Understanding overrides

I want to have a universal configuration for Retroarch and use overrides for some systems that requires specific settings or personal preferences. It’s easy to save a shader per core or even per game, remap for specific games and cores as well, even custom view point or aspect ratio per game.

I have preference to using the best video driver possible, I’m current using Vulkan but will soon switch to GLcore when the shader loading is fixed.

Some cores only work with the GL driver and I can’t save this as an override for Reicast or Kronos, for example, I need to create a separate config for it to work.

Remaps works well, but the Input menu won’t be saved as overrides if I, again don’t create a separate config for that core. Am I’m missing something or the above can only be used as separate configurations instead of overrides?

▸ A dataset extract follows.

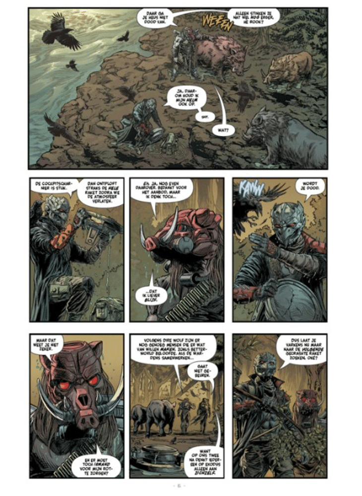 Rook Exodus 01 SC - Honderden jaren in de toekomst was de man die Rook werd genoemd een eenvoudige boer die de verwoeste Aarde ontvluchtte voor een nieuw bestaan. Hij reisde naar de planeet Exodus, een getransformeerde wereld waar de natuur, inclusief de geïmporteerde dieren- populatie, volledig onder controle stond van mensen die Warden werden genoemd. Maar toen de wereldorde van Exodus faalde, viel de macht van de Warden in verkeerde handen. Dit leidde tot chaos en massale evacuaties naar andere planeten. Tenminste voor degenen die het zich konden veroorloven. De rest, zoals Rook, moet op zoek naar een andere manier om de verdoemde planeet te ver- laten, terwijl de oorlog om de controle over wat er nog over is van Exodus begint.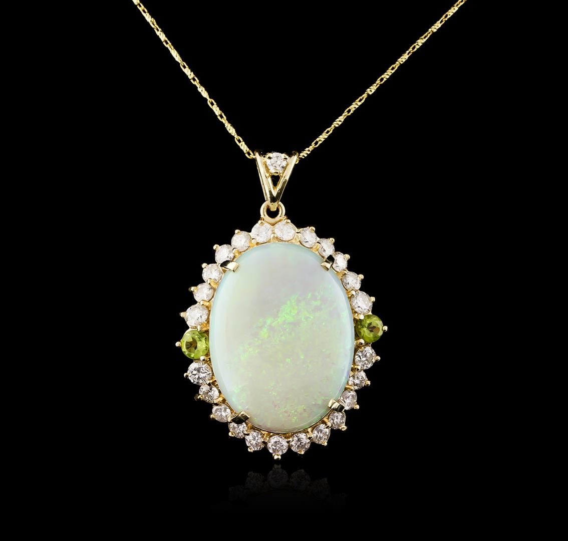 One electronically tested 14KT yellow gold ladies cast opal, peridot and diamond pendant & chain 18.0" long, with a lobster claw clasp with a bright polish finish. Identified with markings of "14K". Condition is new. Containing: One white opal that is cut in a oval shape and is prong set, measuring 25.00 mm long x 19.20 mm wide, and 6.50 mm thick and the approximate weight is 13.65 carats. The opal has a somewhat bright, green-blue play of color (fire) in a flashfire pattern; a medium dome; a good cut; no inclusions; consistent in its brightness and pattern; and is somewhat directional. Two prong set round modified brilliant cut natural peridots, measuring 4.20 - 4.20 x 2.73 mm, approximate total weight of 0.64ct., clarity is eye clean, type II, medium light, moderately strong, yellow green color, (GIA YG 4/4), cut is good. Twenty-Five prong set round brilliant cut diamonds, measuring 3.10 - 2.50 x 1.68mm (depth est.) approximate total weight of 25 Stones = 2.01ct. Clarity of SI-1 to I-1, Color of H - I, Cut is Good. Colored gemstones are presumed to have been subjected to commonly used enhancement processes. All diamonds and colored gemstones are graded in the mounting, unless otherwise stated. Total Weight of Colored Stones 0.64ct. Total Weight of Diamonds 2.01ct. Total Weight of Opals 13.65ct. Total Weight of Pendant & Chain 16.00 grams. GGL Appraised at $8,635.00.

That’s correct. Overrides don’t work for video drivers because the menu keeps the old driver and crashes the program if you try to re-enter the menu as the contexts no longer match.

Input stuff doesn’t work with overrides, either, which is why the remaps exist. There are some edge-case things that aren’t caught by the remaps, though, and for those things you need another config (or a config fragment for use with appendconfig)

1 Like

Got it! When you mention config fragment does that mean I can basically edit the complete appendconfig created when I hit “save new config” and keep only the settings I’d like changed, while the rest would be loaded from the main config?

Yeah, basically. However, when you append a config fragment, it will pollute your main config with the new values unless you disable ‘save config on exit’ (or, I guess you could disable it in the fragment…). Overrides take care of that automatically.